Try to replicate the entire k8s stack locally。We don't use tools like k3s or kind to replicate production exactly, but just use docker compose or our own scripts to spin up a subset of systems we really care about in the moment.
I mentioned the fact above that we run ephemeral, interactive, session-alive processes on kubernetes for a short time. We quickly realized that Kubernetes was designed for container startup time, not for robustness and modularity. As a general rule, my opinion is that kubernetes is good for redundant running some long-running processes, but if one is waiting for a pod to start, kubernetes is the wrong choice.
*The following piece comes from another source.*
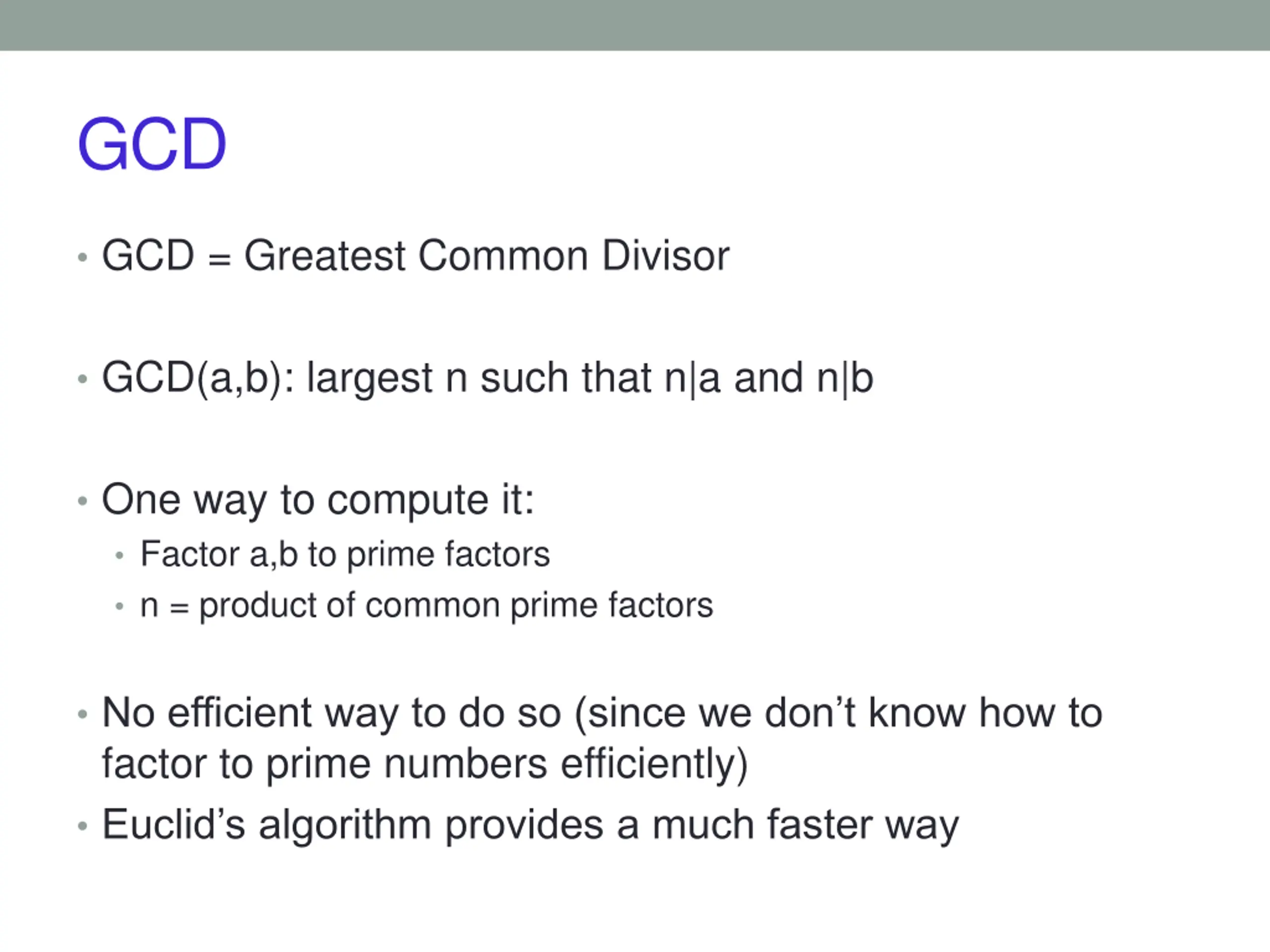 GCD GCD = Greatest Common Divisor GCD(a,b): largest n such that n|a and n|b One way to compute it: Factor a,b to prime factors n = product of common prime factors No efficient way to do so (since we don t know how to factor to prime numbers efficiently) Euclid s algorithm provides a much faster way

I'll admit I'm talking about my book here, but at least it's an open-source book: we use a MIT-licensed Rust orchestrator called plane, which we specifically designed to quickly schedule and run processes for interactive workloads (i.e. someone is waiting for them). For the sake of completeness, I should also mention that some of the kubernetes alternatives that have emerged are very good. Especially if you don't want or need requirement 3 (the ability to designate infrastructure as **) on my initial list. For one of our products, we chose to use Railway instead of our K8S cluster, mainly for the preview of the environment. Some of my friends who really respect Render are full of praise (I've dabbled in, but personally think Railway's environment model is more concise). I also prefer Flight Control's bring-your-own-cloud approach. For many SaaS type applications, you've probably gone far with those tools (referring to the ones mentioned earlier). But if you meet the three requirements listed at the beginning of this article, and take a rigorous approach, then don't let anyone tell you it's too early to use Kubernetes.